Why I turned down investor money for my startup
I’m often asked, “Who are your investors?” and “How much have you raised?”
The answers are: no one and $0. Eyebrows, and perhaps red flags, rise. I’ve actually talked to VCs and had a few offers, but for now have decided not to raise capital. Yes, there is a sense of pride that comes with being an immigrant entrepreneur and being able to say I’ve come this far on my own (with the support of an amazing team, of course). But it’s not just pride or the mythical “American Dream” that keeps me bootstrapping. I’ve got five solid reasons why it’s is not only possible but a logical decision.
We are cash positive. My wife and I founded the first online voice over casting site in 2003. Thanks to a combination of timing, luck, our combined skills and willingness to do whatever it took to make our dreams of owning a business come true, the site was making a profit in six months. A steady stream of income allows us execute our plans without sacrificing speed or quality. I understand that many don’t have this luxury. If, for instance, you or your co-founders can’t code, hiring developers is going to eat a significant amount of your budget (even if you’re not a tech startup, you’re going to need web development).
Still, it’s not impossible to make it on your own. Companies like Valve and GitHub were able to succeed by bootstrapping. If you are in a competitive arena, you may think you need venture capital to beat others to the punch, and that may very well be the case, but remember, lots of money doesn’t always mean faster product development. Money can actually have the opposite effect, affording a feeling of safety that numbs the sense of urgency that comes with having your livelihood on the line each day.
VCs provide good advice, but a well-built board of advisors can provide better advice. Many startups use VCs as way to get expert advice and connections to major players in their target industries. In my case I chose to build an experienced, well-connected board of advisors. I started by identifying my own personal and company’s weak spots and sought experts in areas where we lacked experience or skill.
For example, we didn’t have anyone with a strong sales background. So I brought on someone who did. With a board of advisors, I get their wisdom and connections without losing any control or giving up too much equity in my company. Plus, I get to name drop a little, giving my new company a little more credibility. The trick is to not give too much away and not to expect too much. Good advisors are busy, and while they may initially be very excited about your company, you need to continuously ensure they budget a few hours a month for you.
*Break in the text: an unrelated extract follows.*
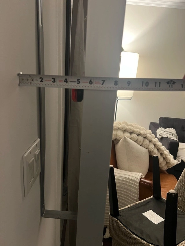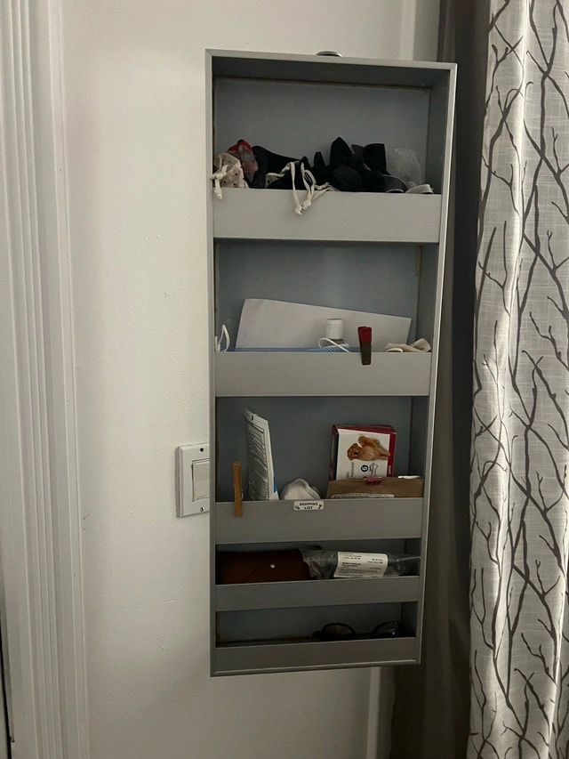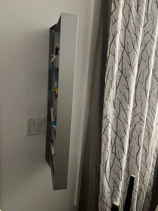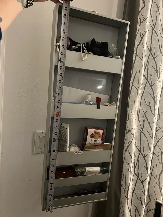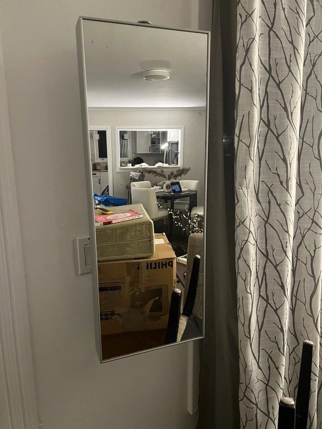 Wall mounted spinning mirror with storage. Mirror is 12” wide, 31 1/2” tall. Protrudes 8” from wall when shelf or mirror are facing out. Needs about 13” clearance to spin fully. See pics for details.

Besides, venture capital is not the only way to get money. Try funding your company with sales. Oh, I know, I’m a throwback to another era. But get a few customers and treat them like kings, you’d be surprised how far word of mouth from your initial clients can spread. Once you have some cash flow, you can get a business line of credit. This gives you capital to work with without sacrificing any equity. If you don’t qualify for traditional loans, there’s venture debt, which is basically a loan from a venture capitalist with the right to purchase equity or stock as collateral.
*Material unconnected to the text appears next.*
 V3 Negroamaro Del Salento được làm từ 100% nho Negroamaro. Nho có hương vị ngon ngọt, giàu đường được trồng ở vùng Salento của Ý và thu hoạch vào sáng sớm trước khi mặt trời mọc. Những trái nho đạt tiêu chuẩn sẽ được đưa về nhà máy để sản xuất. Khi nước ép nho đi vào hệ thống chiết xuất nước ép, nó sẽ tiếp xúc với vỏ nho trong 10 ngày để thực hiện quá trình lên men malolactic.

Then there’s crowdfunding sites like Kickstarter and Indiegogo. If you get a website like Reddit or Hacker News supporting your project, raising the money could come more easily than you think. You can also raise friends and family money money, but that could come with some consequences -- and tears, especially on holidays. Even though you may be close, it’s best to put everything in writing and be a little formal about the process so everyone knows exactly what’s expected and when. Even if the money is intended as a “gift,” get it in writing.
Need cash just to get started? Start saving. You could personally finance initially and raise capital later, if needed. This will show potential investors you believe in your idea willing to put your finances on the line. You could also take on a business partner who puts up his or her finances, but just make sure you iron out all the details ahead of time in case the relationship dissolves.
Time invested in raising capital is time not invested on improving the product. I’m a product CEO, so I believe the time I invest on product development has the potential for much higher returns than my going to dinners, events, and pitching every VC I can get my face in front of. “If you build it, they will come” -- hopefully. In my case, I had enough financing to get a minimally viable product out there and knew if I got it right, it would generate sales right away. I did the research. I knew there was interest in the service and had potential clients lined up at the beginning. Not to mention, if you do decide to raise a round later, having an actual working product is more impressive than a Power Point.
Also, keep in mind that there’s no going back after you raise capital. You can divorce your spouse, but you can’t really divorce your investors. You are in a long-term relationship and there’s nothing you can do about it if the relationship sours. If you need to raise money, invest time researching VC firms and finding one that is a good fit for your company. I’ve seen so many new, enthusiastic entrepreneurs give away a ton of equity and control, not realizing until it’s too late that their investors don’t share the same vision for the company.
Now that I’ve said all this, it doesn’t mean that I will not raise capital. The point is that the option will always be there and there’s no reason for me to rush.